Trump bids to reinstate amendments limiting Endangered Species Act

Wikimedia Commons/CC BY 2.0 Author: Sam Farkas (NOAA Photo Library)
Environmentalists warn that the proposed changes could result in years-long delays, setting back efforts to save species such as the Florida manatee.

The Trump administration is moving to undo protective measures for endangered species and their habitats by reinstating amendments made in the U.S President’s first term that were subsequently blocked by his successor, President Joe Biden

One intended change would end provisions that automatically protect animals and plants once they are classified as being under “threat”. Instead, U.S. government agencies will be required to draw up species-specific rules, a lengthier and more arduous process. For years, critics – notably Republican members of Congress and energy and agricultural interests – have maintained that economic growth has suffered because the 1973 law has been too loosely applied.

Environmentalists, however, warn that the proposed changes could result in years-long delays, setting back efforts to save species such as the monarch butterfly, Florida manatee, California spotted owl, and North American wolverine.

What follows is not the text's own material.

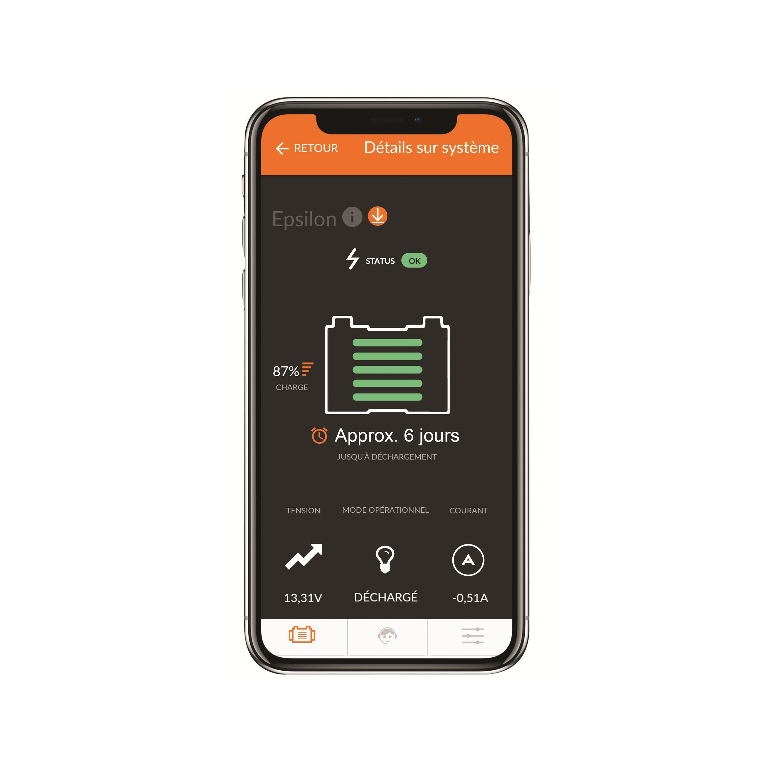 Les batteries Epsilondisposent d’une surveillance intégrée de la batterie qui fournit des détails sur son état, tels que la tension, le courant, la température, l’état de charge et le temps restant. Le suivi pratique est également possible via bluetooth et des indicateurs LED pour vous informer de l’état réel de votre batterie. La fonctionnalité de chauffage entièrement automatique permet de charger et d’utiliser la batterie par temps de gel.
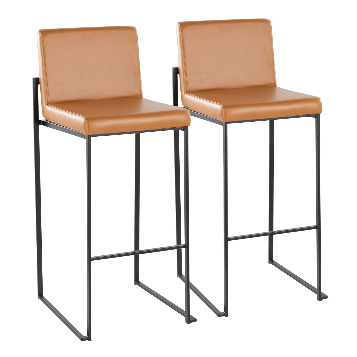 Fuji - Contemporary High Back Barstool (Set of 2) - Camel / Black

“We would have to wait until these poor animals are almost extinct before we can start protecting them,” said the Center for Biological Diversity’s Stephanie Kurose, who called the proposed changes “absurd and heartbreaking.” 

In Donald Trump‘s second term, officials have been looking to revise the Endangered Species Act’s definition of the word “harm” as a means of circumventing species-protection measures that might hinder logging activities in national forests and on public lands. According to U.S. Interior Secretary Doug Burgum, the administration plans to restore the Act to its original intent while respecting “the livelihoods of Americans who depend on our land and resources.”

Definitions figured in a suit against the Interior Department over the “blanket” protection rule filed by the Property and Environment Research Center (PERC) and Rocky Mountain Elk Foundation last March. They challenged the rule’s legality, claiming it inhibited states and landowners from assisting in species recovery efforts. Species designated as “threatened” under the so-called blanket rule automatically qualify for the same protections as those designated “endangered.” The plaintiffs maintained that such an interpretation could lead landlords to lose interest in what happened to a species if they felt that efforts on their part to downgrade the status of an “endangered” species to that of “threatened” had no impact on the authorities and failed to ease government restrictions.